Modern subatomic physics, of course, recognises no such distinction between ‘being’ and ‘doing’; at a fundamental level, matter-as-substance and matter-as-energy are interchangeable (and, as I shall argue towards the end of the study, Diderot himself comes close to a similar position). Nevertheless, the division is both justifiable and useful within the context of eighteenth-century philosophies of nature. For, as many scholars have pointed out, the trend towards nature as an integrated, active phenomenon, in place of the cartesian view of passive étendue only incidentally endowed with motion, was crucial to the development of scientific thought in the mid-eighteenth century. Debate and development on such issues as Newtonian attraction, inertia, electricity and magnetism, chemical reactions, not only contributed directly to the advancement of physics and chemistry, but also (like cartesian mechanism) impinged upon the perennial biological questions, themselves being investigated from a new and exciting angle.
As a philosopher rather than a practising scientist, Diderot was ideally placed to draw freely and creatively on all these areas, and his speculations on what we might call ‘the nature of nature’ are highly characteristic of the new approach. He comes increasingly to discuss and define natural phenomena (organic and inorganic alike) from the point of view of nature’s powers – in the spirit of Renaissance naturalism, but from the perspective of up-to-date scientific findings. It is in this sense that I refer to a ‘concept of physical energy’.

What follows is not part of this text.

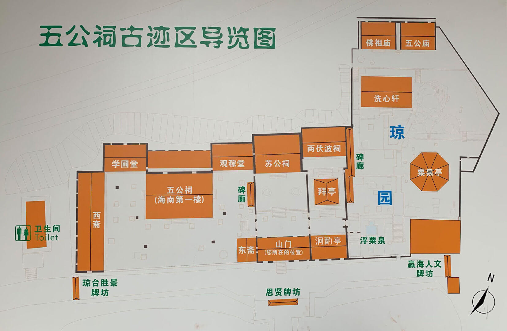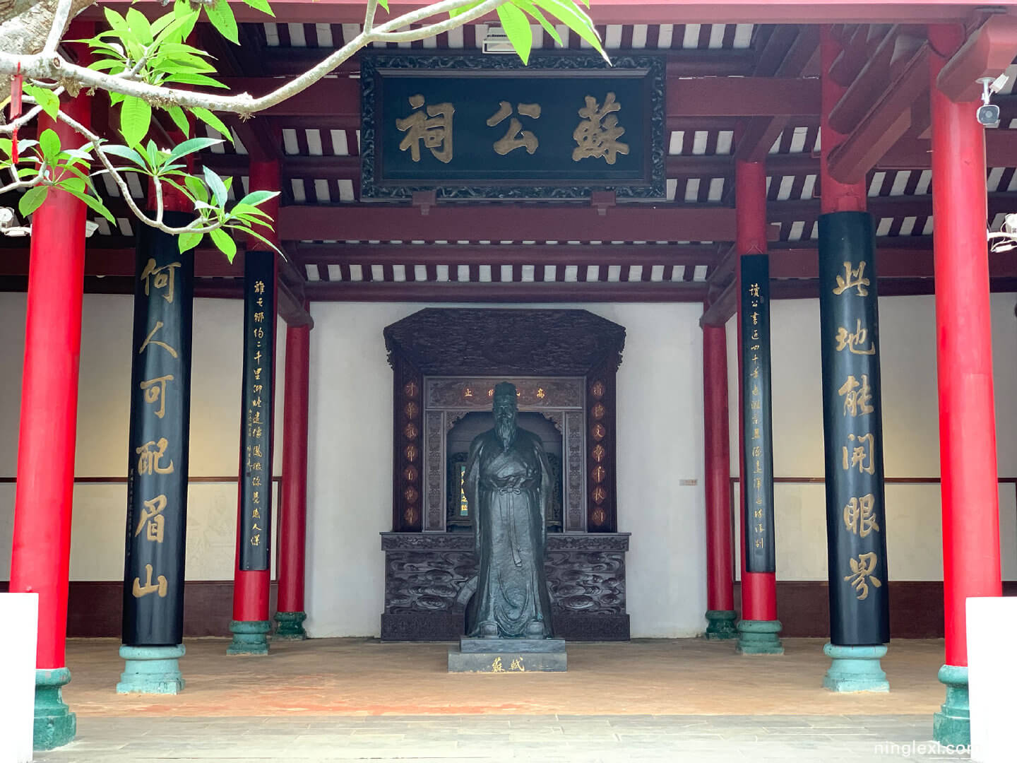 蘇公祠是為紀念蘇東坡而建,该楼始建于清光绪十五年(公元1889年),是为纪念唐宋两代被贬谪来琼的李德裕(唐朝宰相)、李纲和赵鼎(均为宋朝宰相)、李光和胡铨(均为宋朝的大学士)五位历史名臣而建的,由于人们景仰先贤“五公”而得名。
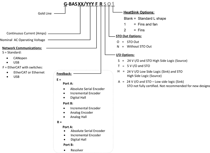 Feedback | Incremental Encoder, Resolver, Digital Halls, Analog 1V ptp (Sin/Cos), Analog Halls, Absolute Serial Encoders (EnDAT 2.2 / BiSS / SSI / Panasonic / Mitutoyo / Tamagawa / Gurley - Virtual Absolute), Tachometer, Potentiometer | |||||||||||

Given the organic quality of Diderot’s thought, it is not surprising to find the idea of energy recurring in other areas of his works. If man is composed of matter – active matter – than all human activity, be it moral, political, aesthetic, becomes capable of interpretation in terms of energy. I share Chouillet’s conviction that this is a crucial aspect of Diderot’s overall philosophy, which deserves to be more widely recognised and more fully understood.
Preface
Introduction
1. The metaphysical foundations
A. Essai sur le merite et la vertu (1745)
B. The Pensées philosophiques (1746)
C. La Promenade du sceptique (1747)
D. Lettre sur les aveugles (1749)
2. Transition: from the Lettre sur les aveugles to the
Pensées sur l’interprétation de la nature (1749-1753)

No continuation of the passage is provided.